Dans le profil de ces personnels, retrouve-t-on aussi des constantes ?
L’emploi jeune est le maître-mot des structures NTIC en milieu rural. Ceux qui s’occupent du parc informatique et du site web de ces petits centres de communication nichés dans des mairies ou des maisons de jeunes sont souvent des gens de vingt-cinq à trentre ans. Des diplomés de l’université, bac + 2 ou bac + 4, ayant suivi des filières d’aménagement, de tourisme, d’histoire ou de géographie. Employés dans le cadre des emplois jeunes solidarités, ils perçoivent des salaires élevés pour la catégorie, jusqu’à 10 000 francs mensuels. C’est leur sortie du système, à l’issue des cinq ans contractuels, qui va faire problème. Ils ont acquis des connaissances technologiques et des compétences sur le territoire. Vont-ils continuer à apporter leur savoir au niveau local, ou devront-ils chercher ailleurs un travail collant à leurs capacités ? Beaucoup ont des racines rurales vivaces. Heureux de se frotter aux NTIC en ménageant leur qualité de vie, ils souscrivent au slogan imaginé parhebrides.com, site britannique et figure de proue du désenclavement numérique : "Live local, work global." Pour certains, ce sera le début d’une carrière. Sont-ils les prototypes d’un nouveau modèle de cadres ? En tout cas, dans le domaine de l’acquisition de compétences et de savoir, ces jeunes sont des intermédiaires.
Quelles réserves apporteriez-vous ?
Toutes les régions rurales n’ont pas forcément les compétences, les atouts ou l’ampleur nécessaires à leurs ambitions. Ainsi, il est clair que le canton et sa petite poignée de milliers d’habitants n’est pas l’unité de travail adaptée. C’est à l’échelle de la communauté de commune ou du pays - disons, jusqu’à la cinquantaine de milliers d’habitants - que les choses deviennent possibles. Parfois, une zone veut lancer sa mise en réseau alors que son identité territoriale n’est même pas définie ! Quel sera le domaine d’action du site Internet ? Quels seront ses responsables ?

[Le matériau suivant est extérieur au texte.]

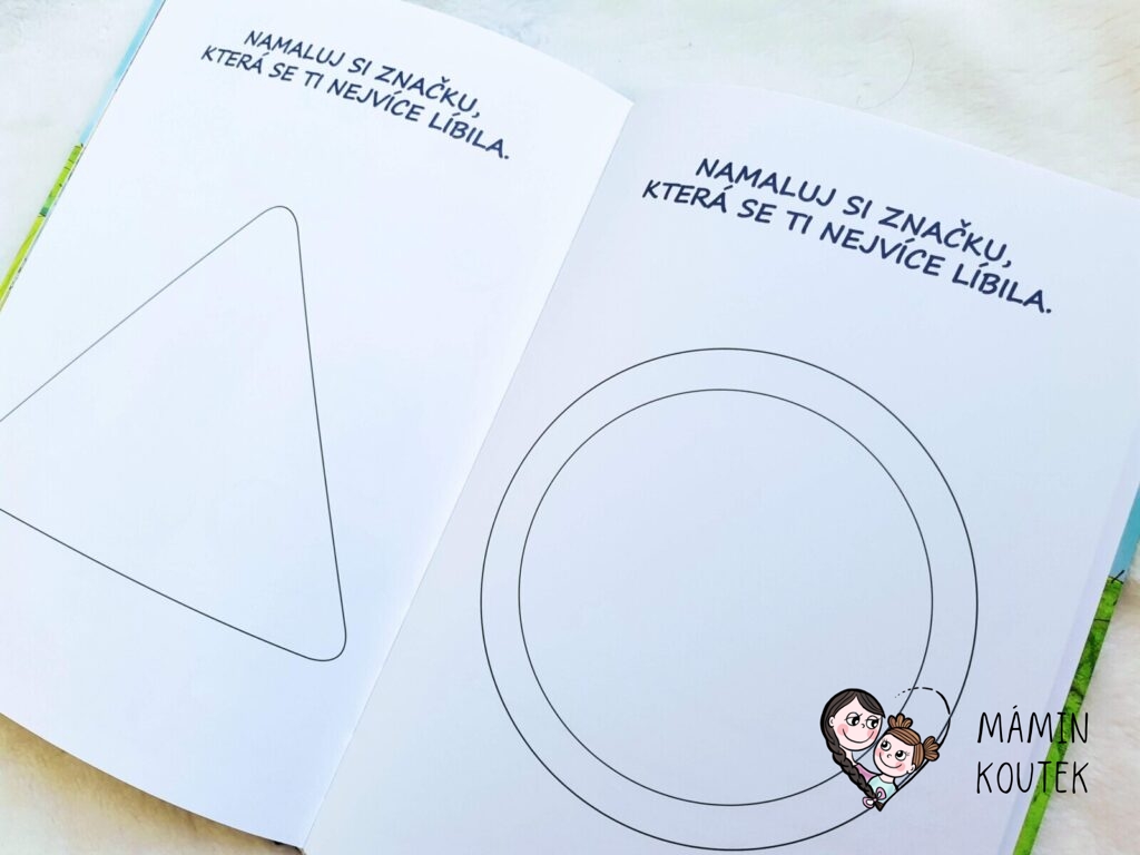 Na závěr je v knize obrys trojúhelníku a kruhu. A děti si do nich mohou nakreslit značku, která se jim nejvíce líbila.
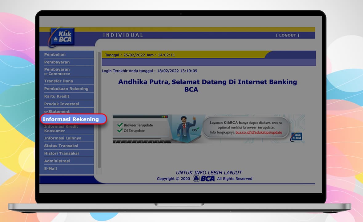 - Buka KlikBCA lalu klik “Informasi Rekening”
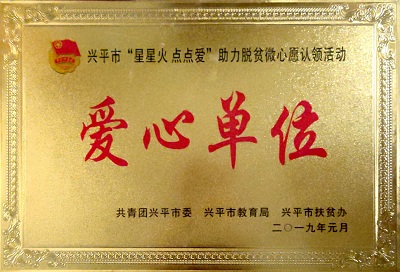 2019年1月,在兴平市“星星火,点点爱”助力脱贫微心愿认领活动中,必一体育官方网站(中国)漆被共青团兴平市委、兴平市教育局、兴平市扶贫办评为“爱心单位”
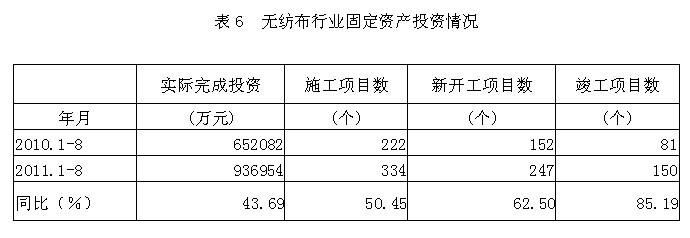 據(jù)國(guó)家統(tǒng)計(jì)局公布的數(shù)據(jù),2011年1-8月份無(wú)紡布行業(yè)實(shí)際完成投資額93.70億元,同比增加43.69%;當(dāng)年以來(lái)到目前為止施工項(xiàng)目總數(shù)為334個(gè),同比增加50.45%;其中新開(kāi)工項(xiàng)目數(shù)247個(gè),同比增加62.50%;截至8月底為止,已實(shí)現(xiàn)竣工項(xiàng)目數(shù)150個(gè),同比增加85.19%,占施工項(xiàng)目總數(shù)的44.91%,表明該行業(yè)投資項(xiàng)目進(jìn)展較好。
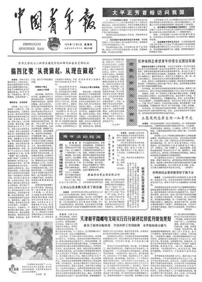 在被“文革”中斷多年后,共青團全國領導機關重新恢復運轉。1978年10月,共青團第十次全國代表大會召開,會議正確評價了經(jīng)歷“文革”磨難的青年一代:低估“四人幫”對青年造成的創(chuàng)傷是錯誤的。但看不到青年的主流,看不到這一主流代表著我們國家的未來和民族的希望,同樣是錯誤的。
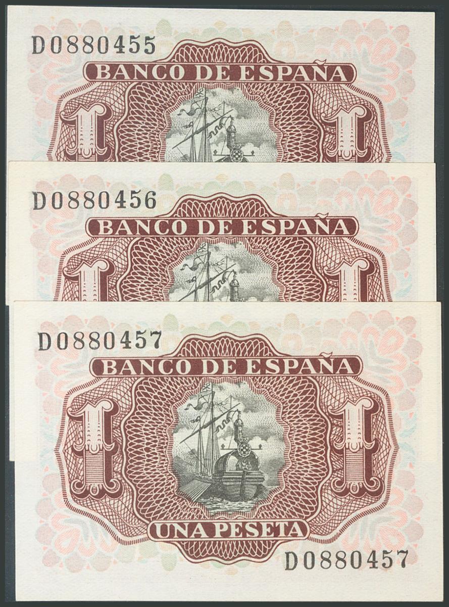 1 Peseta. 22 de Julio de 1953. Trío correlativo. Serie 1D. (Edifil 2017: 465a). SC.
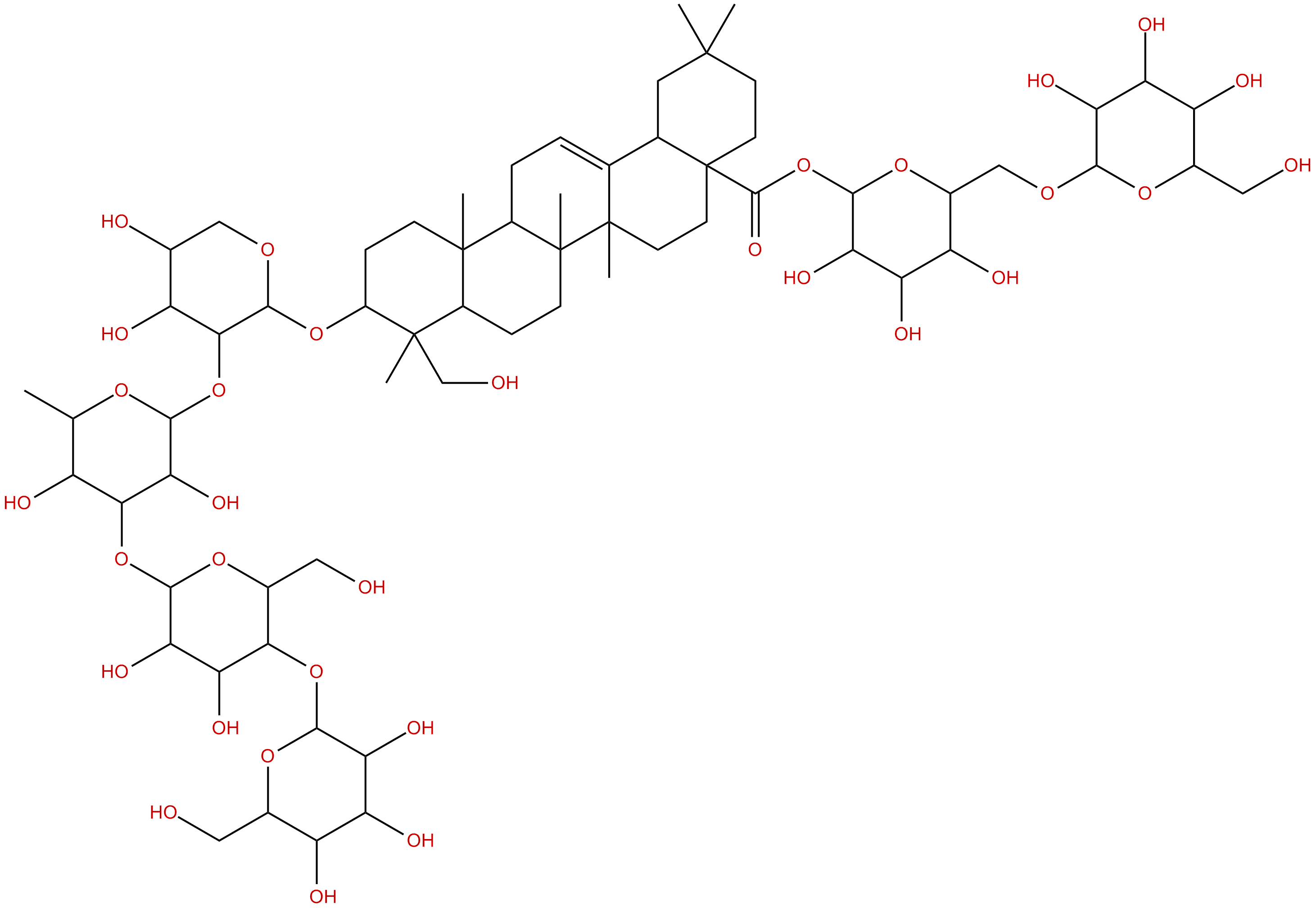Isomeric SMILES: C[C@H]1[C@@H]([C@H]([C@H]([C@@H](O1)O[C@@H]2[C@H]([C@H](CO[C@H]2O[C@H]3CC[C@]4([C@H]([C@]3(C)CO)CC[C@@]5([C@@H]4CC=C6[C@]5(CC[C@@]7([C@H]6CC(CC7)(C)C)C(=O)O[C@H]8[C@@H]([C@H]([C@@H]([C@H](O8)CO[C@H]9[C@@H]([C@H]([C@@H]([C@H](O9)CO)O)O)O)O)O)O)C)C)C)O)O)O)O[C@H]1[C@@H]([C@H]([C@@H]([C@H](O1)CO)O[C@H]1[C@@H]([C@H]([C@@H]([C@H](O1)CO)O)O)O)O)O)O
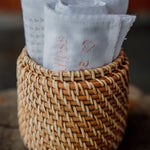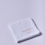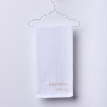 Quadrato di garza in fresco cotone con scritta "Boundless Love" ricamata per lui e lei e bordino rifinito con ricamo.
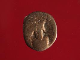 | Description / विवरण | It is a coin made of copper. The depression on obverse side depicts a deity sitting on a bull. On reverse side there is standing human figurine. Shape is almost circular. Surface is smooth with copper brown appearance. |
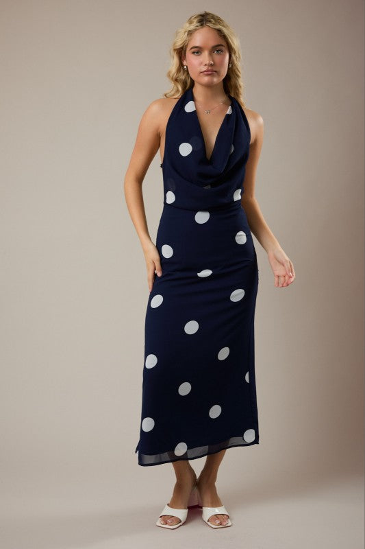 The Madison Dress brings timeless elegance with its navy backdrop and charming white polka dot pattern. This midi-length silhouette offers a flattering fit that works for both casual outings and dressed-up occasions. The classic color combination ensures easy styling with your existing wardrobe, while the playful polka dots add a touch of vintage-inspired charm. Perfect for spring gatherings, weekend brunches, or whenever you want to feel put-together and effortlessly chic.
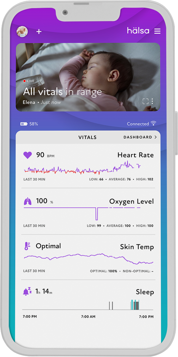 The Hälsa Baby Cam adds another layer of support, so you can sneak a peek at your baby day or night.
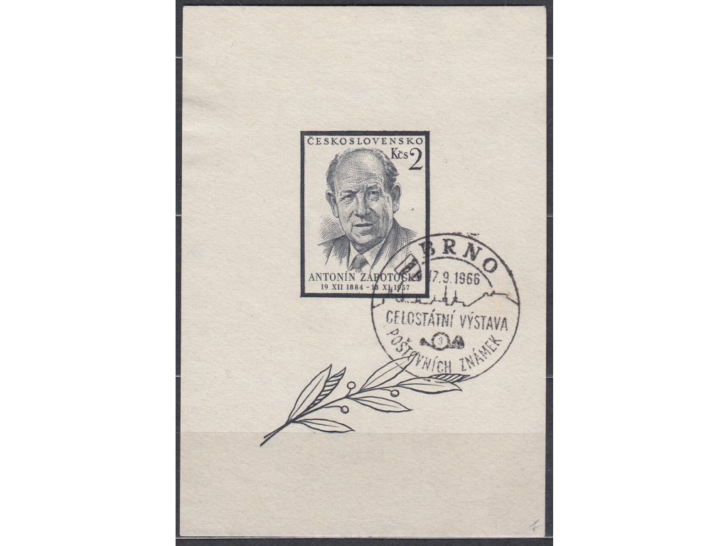 1957, aršík 2Kčs Zápotocký, II.typ, zk.Karásek, pamětní razítko BRNO, Nr.A967I, razítkované
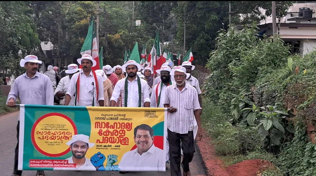 തെച്യാട് : ഭിന്നിപ്പ് രാഷ്ട്രീയത്തെ സാഹോദര്യം കൊണ്ട് പ്രതിരോധിക്കണമെന്ന് വെൽഫെയർ പാർട്ടി തിരുവമ്പാടി മണ്ഡലം പ്രസിഡന്റ് ചന്ദ്രൻ കല്ലുരുട്ടി അഭിപ്രായപ്പെട്ടു. നാടിന്റെ നന്മക്ക് നമ്മളൊന്നാകണം എന്ന മുദ്രാവാക്യം ഉയർത്തിപ്പിടിച്ച് വെൽഫെയർ പാർട്ടി മുക്കം മുൻസിപ്പൽ പ്രസിഡന്റ് കെ അബ്ദുൽ റഹീം നയിക്കുന്ന സഹോദര്യ പദയാത്രക്ക് പതാക കൈമാറി ഉദ്ഘാടനം ചെയ്ത് സംസാരിക്കുകയായിരുന്നു അദ്ദേഹം. സാഹോദര്യ കേരളം ഇന്നൊരു അപകടത്തിലൂടെ കടന്നു പോകുകയാണ്. പലതരം നുണകളും കെട്ടു കഥകളും നമുക്കിടയിൽ വ്യാപിച്ചു കൊണ്ടിരിക്കുന്നു. സഹോദര്യത്തെ തകർത്ത് ഭിന്നിപ്പ് വളർത്തി രാഷ്ട്രീയ ലാഭത്തിന് ശ്രമിക്കുന്നവർക്കെതിരെ സാഹോദര്യം കൊണ്ട് മറുപടി നൽകണമെന്ന് അദ്ദേഹം പറഞ്ഞു. ബിൽഡിങ് & കൺസ്ട്രക്ഷൻ ലേബേഴ്സ് യൂണിയൻ, എഫ്.ഐ.ടി.യു, കോഴിക്കോട് ജില്ലാ പ്രസിഡന്റ് മനോജ് കാഞ്ഞിരമുഴി ചടങ്ങിൽ അധ്യക്ഷത വഹിച്ചു. മുക്കം മുൻസിപ്പാലിറ്റി കൗൺസിലർമാരായ ഗഫൂർ മാസ്റ്റർ, ഫാത്തിമ കൊടപ്പന, സാറാ കൂടാരം എന്നിവർ സംസാരിച്ചു.

On peut évoquer aussi le mirage du télétravail, call center ou hotline censés apporter emploi et activité à un territoire isolé. Or, quelles ressources le territoire en question est-il capable d’offrir ? Etant entendu qu’aujourd’hui, une entreprise sera surtout attentive à l’emploi, aux loisirs, à l’éducation dont pourront bénéficier non la personne qu’elle compte embaucher, mais son conjoint ou ses enfants.
Enfin, il faut être réaliste. S’interroger sur la vogue de l’espace rural. Ne joue-t-il pas un peu le rôle de caution morale ? Quelle que soit son secteur, l’entreprise qui développe le télétravail au fin fond d’un terroir n’aura guère de mal à s’attribuer un certificat d’écologie - alors que 95 % de son activité réelle continuera de s’effectuer au sein d’un réseau de grandes villes. Dans le domaine des NTIC, le rural occupe 50 % du discours alors qu’il représente 5 % du réel. Parle-t-on des webs scolaires urbains ? Non, alors que la majorité des écoles sont situées en ville. En milieu rural, les NTIC auront toujours l’air plus pertinentes à cause du fameux désenclavement promis par l’internet. A-t-on besoin d’attirer la moitié des entreprises urbaines pour animer la campagne ? Non. Pour peu que les moyens de vivre soient présents, un nombre réduit d’entités actives suffira à diversifier le tissu socio-économique rural.